HOW TO COMPLETE THIS TASK: Starting at the line that contains "First, please excuse", transcribe each line exactly through the end of the data below, and skip any pictures.

DATA BELOW:
____
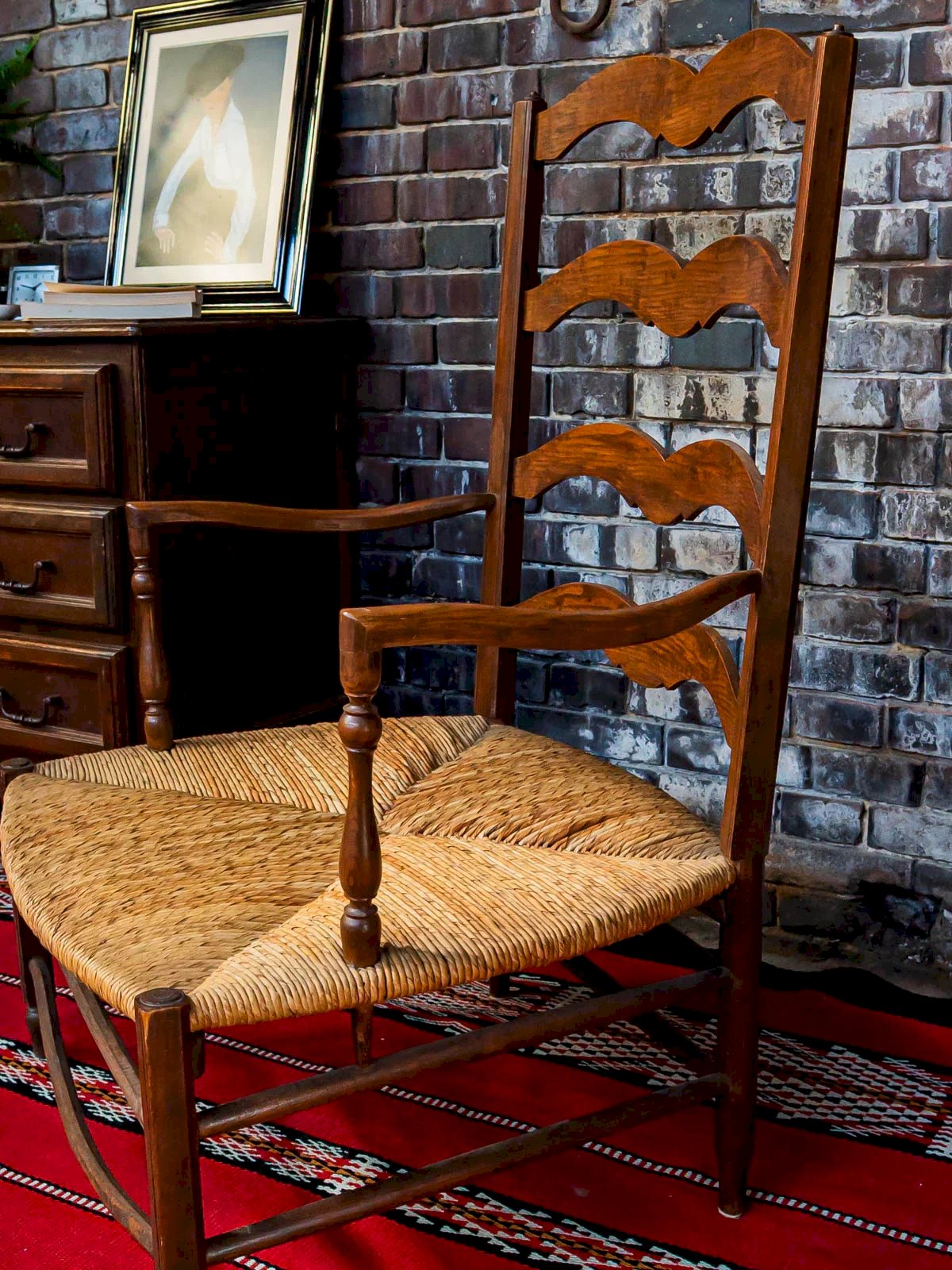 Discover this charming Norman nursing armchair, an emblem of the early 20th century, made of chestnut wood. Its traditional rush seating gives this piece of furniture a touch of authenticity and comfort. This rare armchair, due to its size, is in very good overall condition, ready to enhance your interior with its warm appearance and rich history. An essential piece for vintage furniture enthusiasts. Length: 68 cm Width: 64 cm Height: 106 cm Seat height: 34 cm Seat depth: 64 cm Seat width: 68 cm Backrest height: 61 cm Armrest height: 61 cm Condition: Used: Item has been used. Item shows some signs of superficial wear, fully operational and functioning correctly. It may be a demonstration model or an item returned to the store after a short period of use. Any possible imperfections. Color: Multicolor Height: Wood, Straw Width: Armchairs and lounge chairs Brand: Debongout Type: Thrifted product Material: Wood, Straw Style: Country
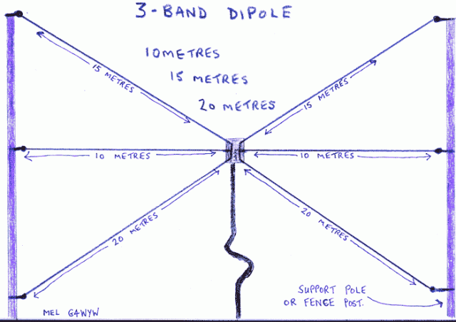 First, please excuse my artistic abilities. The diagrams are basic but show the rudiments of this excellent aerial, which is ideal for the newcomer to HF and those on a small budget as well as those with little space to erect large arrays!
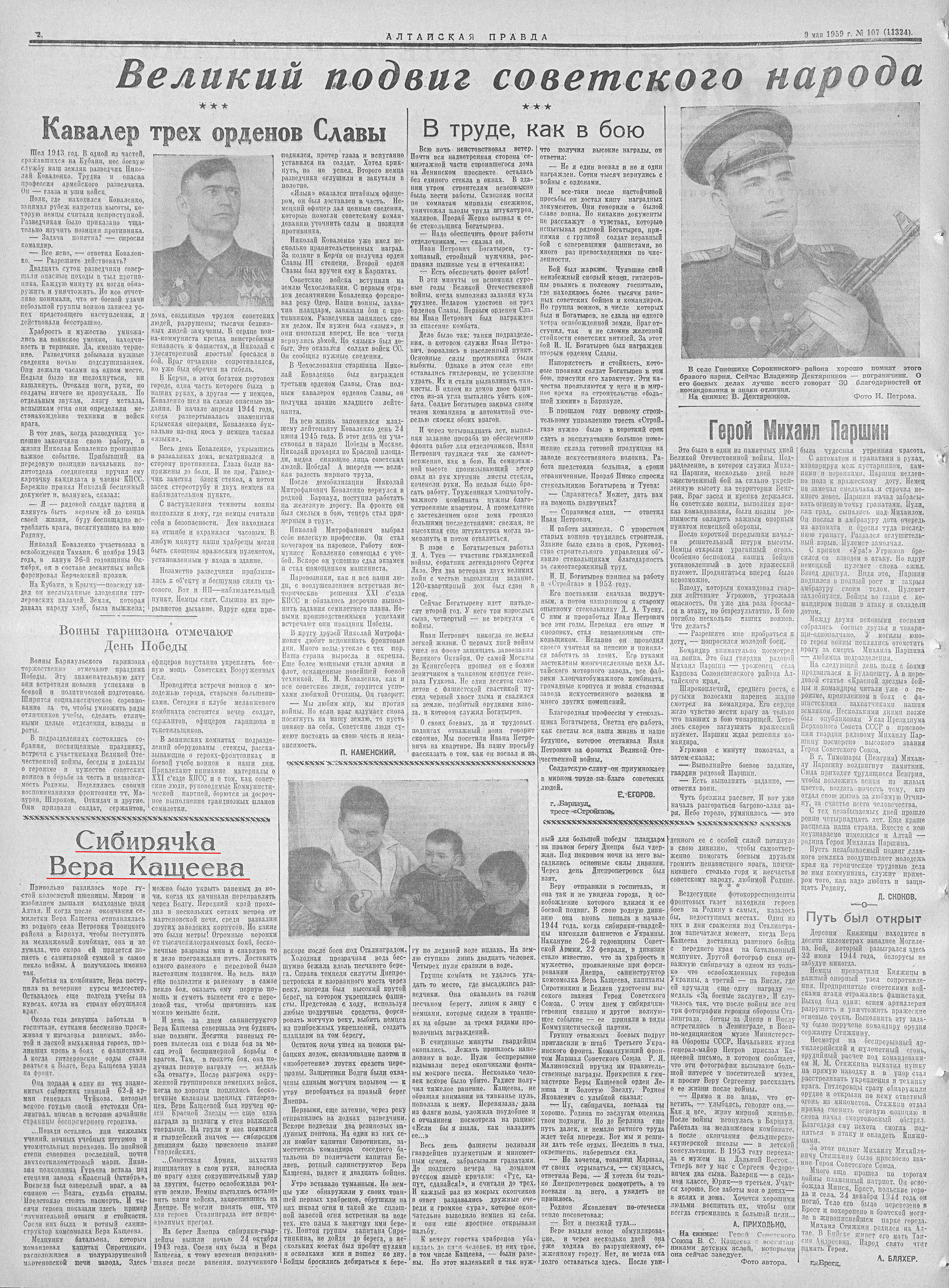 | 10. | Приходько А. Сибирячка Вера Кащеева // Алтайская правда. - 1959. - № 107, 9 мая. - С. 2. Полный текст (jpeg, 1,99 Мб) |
____
OUTPUT OF THE TASK:
 First, please excuse my artistic abilities. The diagrams are basic but show the rudiments of this excellent aerial, which is ideal for the newcomer to HF and those on a small budget as well as those with little space to erect large arrays!
 | 10. | Приходько А. Сибирячка Вера Кащеева // Алтайская правда. - 1959. - № 107, 9 мая. - С. 2. Полный текст (jpeg, 1,99 Мб) |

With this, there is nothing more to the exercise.